TEL AVIV, ISRAEL – Researchers from the Leviev Cardiothoracic Vascular Center at Tel Aviv University (TAU) and Sheba Medical Center have discovered a mechanism responsible for the increased risk of developing cancer in patients with heart disease. Researchers say tiny extracellular bubbles, or vesicles (sEVs), secreted by the diseased heart to heal itself, are released into the bloodstream and promote the growth of cancer cells throughout the body.

The discovery could improve heart disease treatment protocols so that clinicians also take into account the increased risk of cancer.

The study was carried out by Professor Jonathan Leor of the Neufeld Heart Institute of the Faculty of Medicine and Health Sciences at TAU ​​and the Tamman Institute of the Leviev Center in Sheba, and his student Tal Kohler, a medical student and research student at the TAU Faculty of Medicine. carried out under guidance. . This study was published on March 15, 2024. Circulation.

“In 2013, Israeli cardiologist Tal Hasin was the first to show that there is a link between heart failure and cancer,” Kohler explains. “People with heart disease have a higher risk of developing cancer, and heart disease is already a leading cause of death, so many people are at risk of cancer. were found to secrete cancer-promoting factors and identified them as small extracellular vesicles (sEVs). These are small particles enclosed in a simple membrane that are found in all cells. However, damage to the heart releases these vesicles in large numbers, which contain factors associated with inflammation, healing, growth, new blood vessel formation, and changes in the immune system. The cysts travel through the circulatory system and eventually reach tumors or precancerous tissue.

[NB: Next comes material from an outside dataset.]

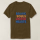 The "Brave Souls United Hearts" t-shirt features a bold, central image of intertwined hearts, symbolizing unity and courage. The design incorporates vibrant colors and subtle, abstract patterns representing strength and resilience. The phrase "Brave Souls United Hearts" is elegantly scripted below, embodying solidarity and the fearless spirit of togetherness.
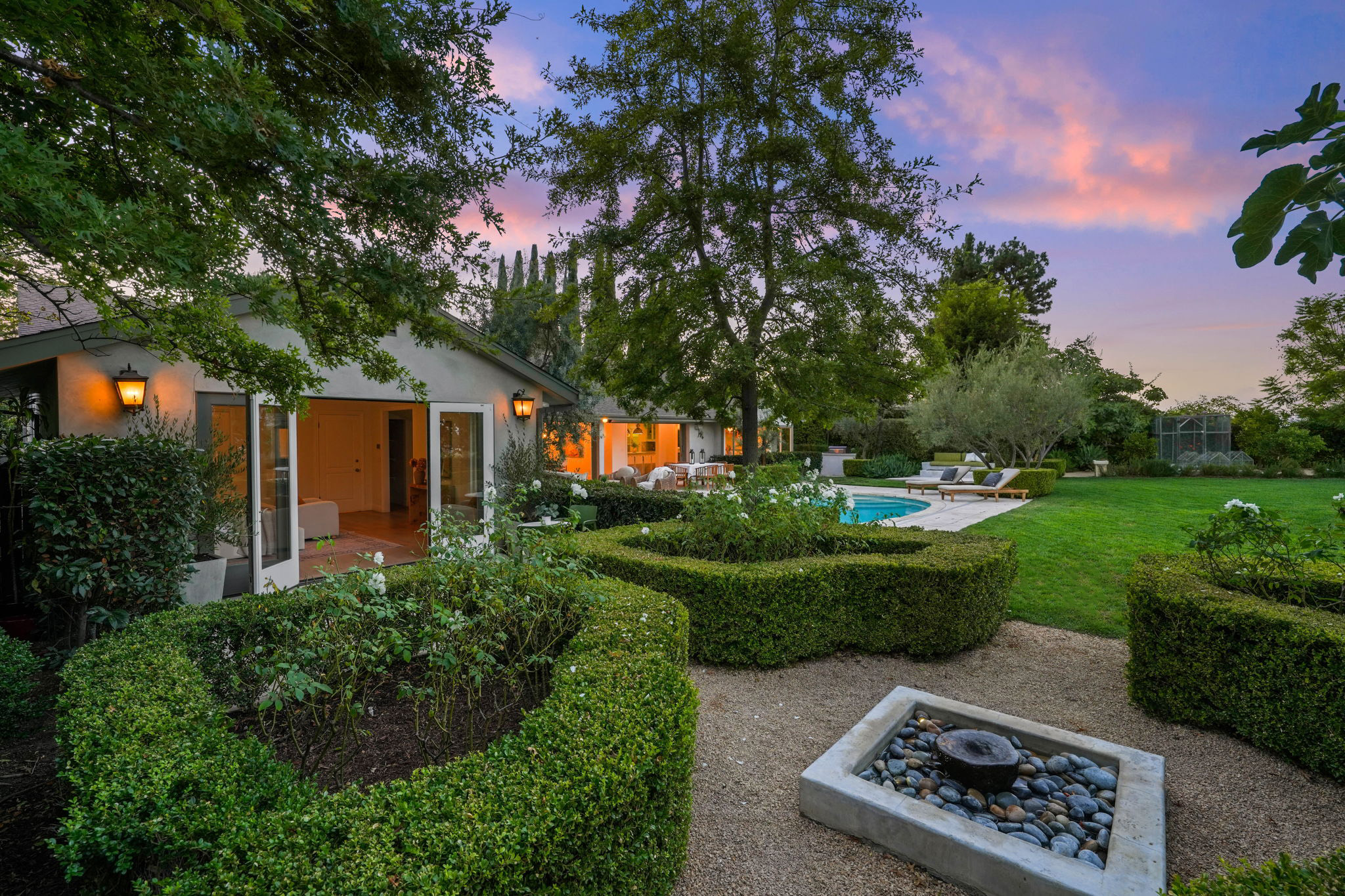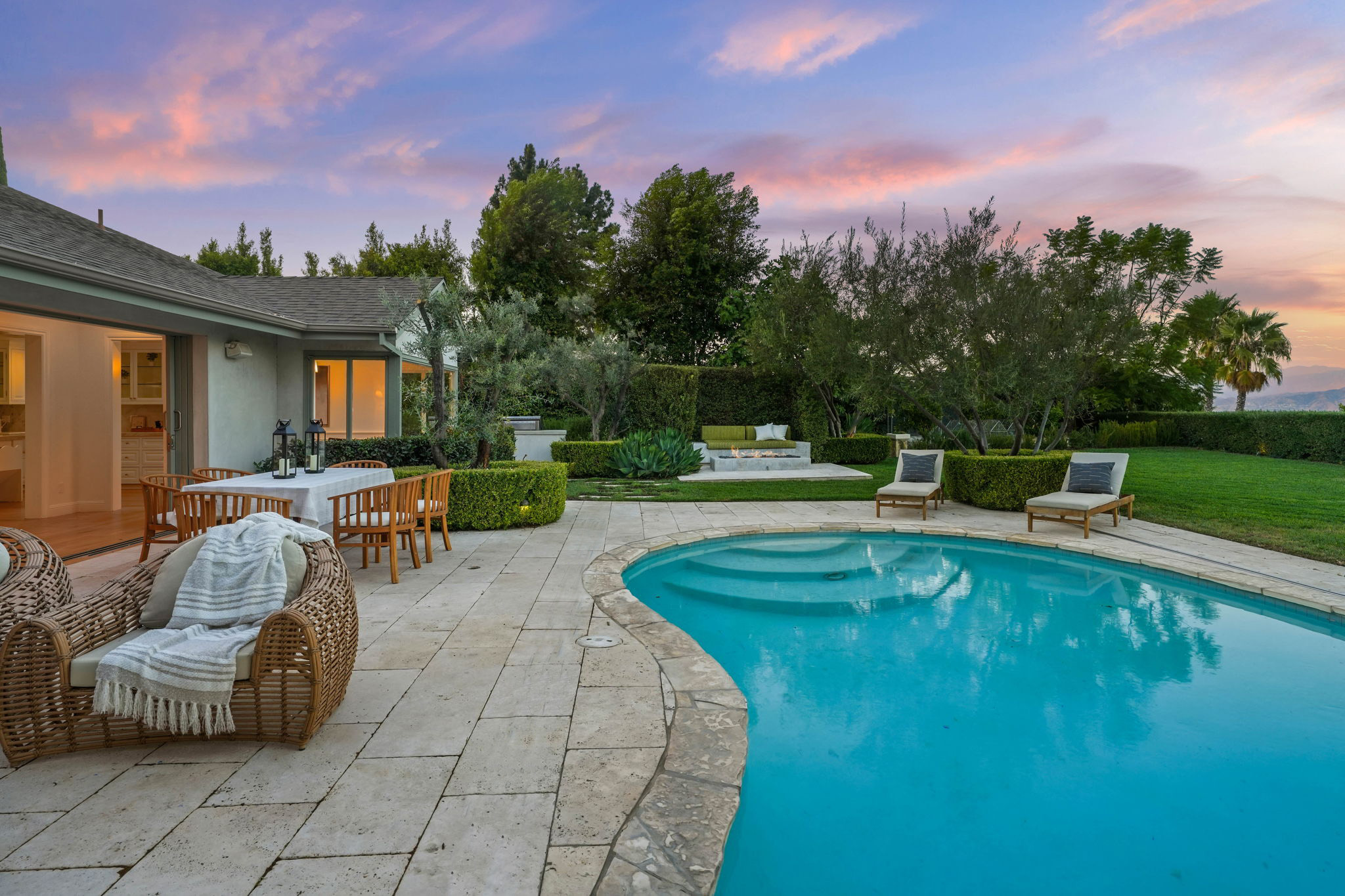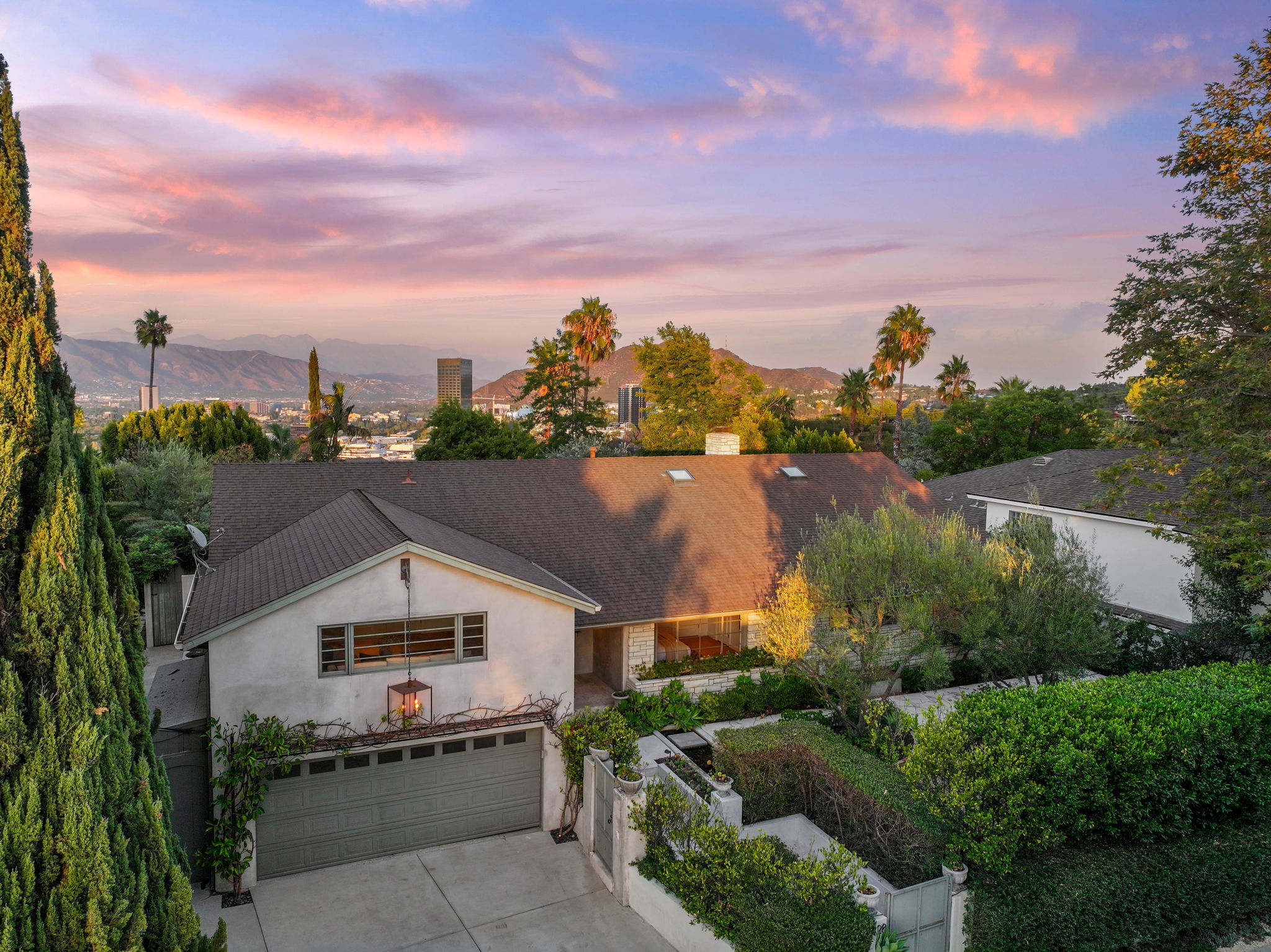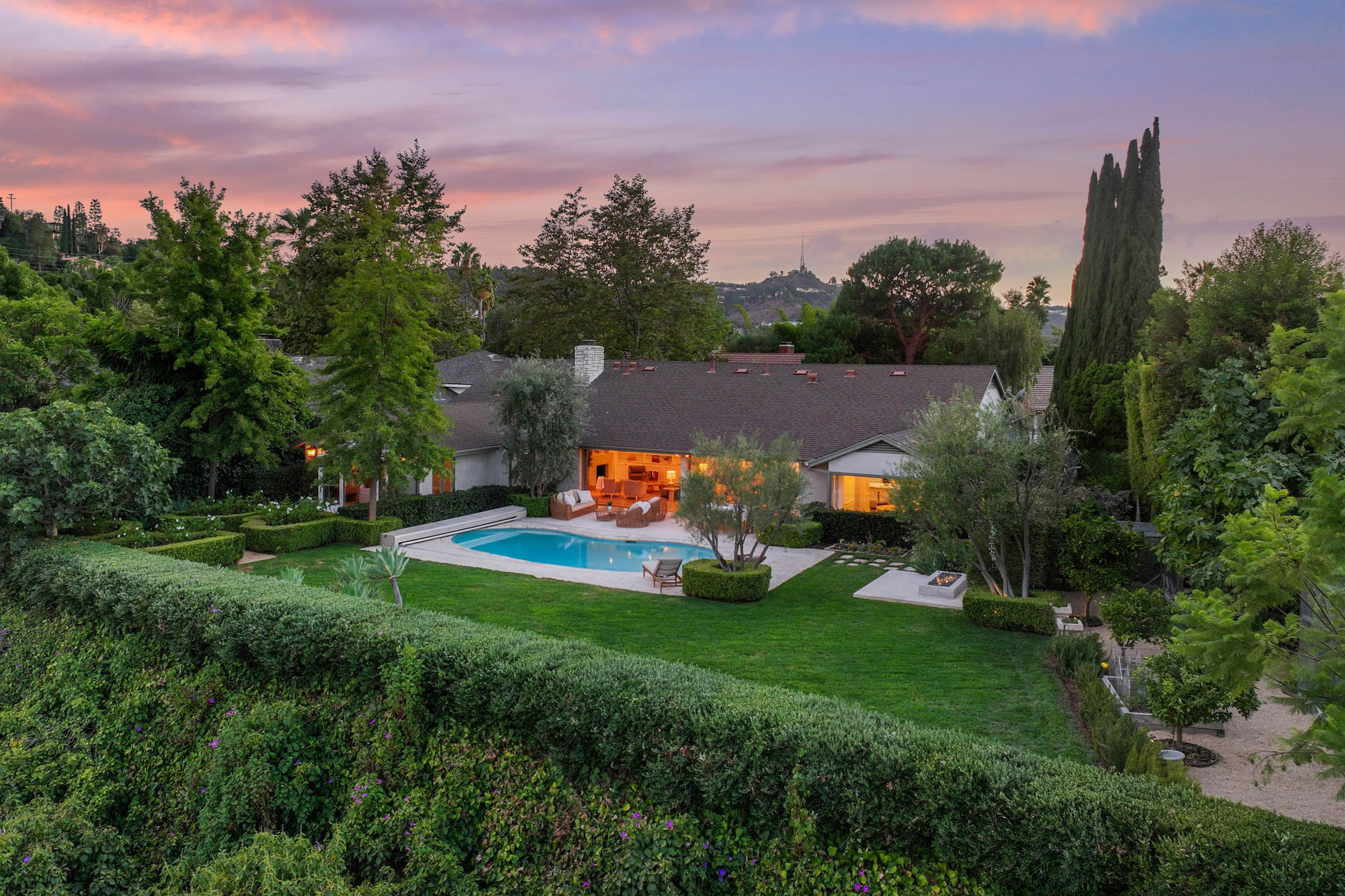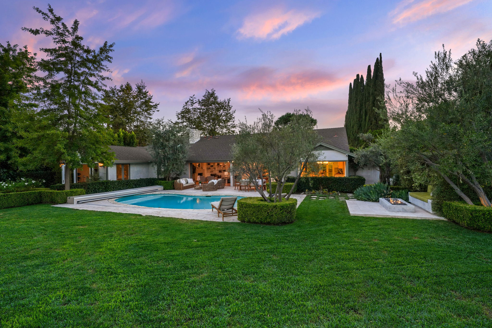 Nestled on a tranquil cul-de-sac in the scenic hills of Studio City, this exceptional trophy property offers unrivaled privacy and breathtaking vistas of the city and mountains. This exquisite single-story residence boasts four bedrooms and four bathrooms, gracefully set on an expansive 15,000+ sq. ft. flat lot adorned with rolling grassy lawns and meticulously manicured grounds. The interior is strikingly sophisticated, featuring a dramatic open floor plan enhanced by elegant white oak floors and expansive walls of glass that create a seamless connection between indoor and outdoor spaces. The entertainer's yard is a true oasis, complete with a sparkling pool, a barbecue area, built-in outdoor seating, a fire pit, and herb, citrus, and rose gardens. The gourmet kitchen is a culinary masterpiece, showcasing luxurious marble countertops, custom-milled cabinetry, a farmhouse sink, and top-of-the-line appliances, including a breathtaking La Cornue range. The bright primary suite opens to a private patio and is accompanied by a spa-like ensuite bathroom clad in marble, featuring a dual vanity, a steam shower, and a spacious walk-in closet. Surrounded by exquisitely landscaped grounds, including a gated front yard with a tranquil fountain and stately olive trees, this property is impeccably designed for even the most discerning occupant. Additional amenities include a two-car garage with ample driveway parking.

“Following myocardial damage and progression to heart failure, sEVs containing growth factors and small nucleic acid molecules that promote cell division are released,” continued Caller. “These sEVs contribute to the healing of damaged heart tissue. However, these vesicles released from the damaged heart travel within the body’s circulatory system and ultimately target cancerous growth. will do.”

“Many theories have been proposed to explain the increased risk of cancer in people with heart disease,” Professor Leor says. “They started with common risk factors such as smoking, diabetes and obesity, and ended with a single protein or molecule. We now know that diseased hearts secrete sEVs containing thousands of different growth factors. We show for the first time that these bubbles directly promote the growth of certain tumors and modulate the immune system, making the body more vulnerable to tumor growth.”

To test their hypothesis, TAU researchers inhibited sEV formation in an animal model of heart disease and found that cancer risk was reduced along with inhibition of vesicle production. However, this is not a viable treatment option as inhibiting vesicle production results in severe undesirable side effects.

“Systemically inhibiting the formation of sEVs reduces cancer incidence, but it also causes collateral damage in the process,” says Professor Leor. “That’s why we tried a different strategy. We treated the patient’s heart so that there was less damage to the heart tissue and the heart secreted fewer sEVs. ” We used spironolactone, a well-known and effective drug used to treat heart failure.

“When we treated animals with spironolactone at a very early stage of the disease, we found that sEVs secreted by the heart decreased by 30% and cancerous tumors grew more slowly. Our experiments showed that This shows that we can intervene in heart disease in a way that reduces the risk of cancer in heart patients.”

“Existing heart treatments may need to be adjusted to take into account cancer risk,” Kohler concluded. “Furthermore, not all patients are at high risk, so it is also possible to find biomarkers of increased cancer risk among heart disease patients. There is still a lot of work to be done.”

The study was funded by the Israel Cancer Society and the Israel Science Foundation.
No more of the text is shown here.